[Exercise aim] Transcribe nothing except the lines below that run from the one with "Creme para a" to the one with "Flowing like ancient", ends included, and do not copy any picture.

Provided material Start Marker

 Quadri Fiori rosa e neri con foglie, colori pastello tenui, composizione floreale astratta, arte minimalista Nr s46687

Provided material End Marker
Provided material Start Marker

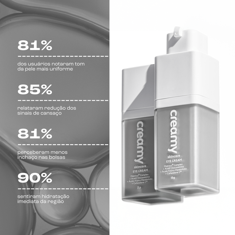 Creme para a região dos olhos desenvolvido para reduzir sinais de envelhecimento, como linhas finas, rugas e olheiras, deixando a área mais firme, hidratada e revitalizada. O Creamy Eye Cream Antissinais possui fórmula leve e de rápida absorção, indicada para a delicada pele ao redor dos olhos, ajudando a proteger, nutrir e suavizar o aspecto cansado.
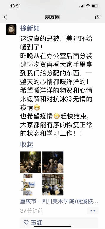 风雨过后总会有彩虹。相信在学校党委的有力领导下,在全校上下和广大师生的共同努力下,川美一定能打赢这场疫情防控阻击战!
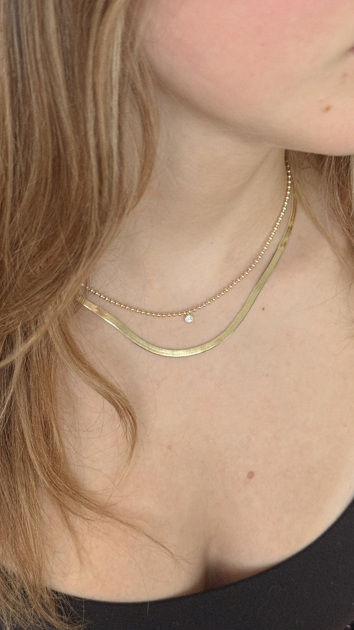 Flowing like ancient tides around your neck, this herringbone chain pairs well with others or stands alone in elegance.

Provided material End Marker

[Response below]
 Creme para a região dos olhos desenvolvido para reduzir sinais de envelhecimento, como linhas finas, rugas e olheiras, deixando a área mais firme, hidratada e revitalizada. O Creamy Eye Cream Antissinais possui fórmula leve e de rápida absorção, indicada para a delicada pele ao redor dos olhos, ajudando a proteger, nutrir e suavizar o aspecto cansado.
 风雨过后总会有彩虹。相信在学校党委的有力领导下,在全校上下和广大师生的共同努力下,川美一定能打赢这场疫情防控阻击战!
 Flowing like ancient tides around your neck, this herringbone chain pairs well with others or stands alone in elegance.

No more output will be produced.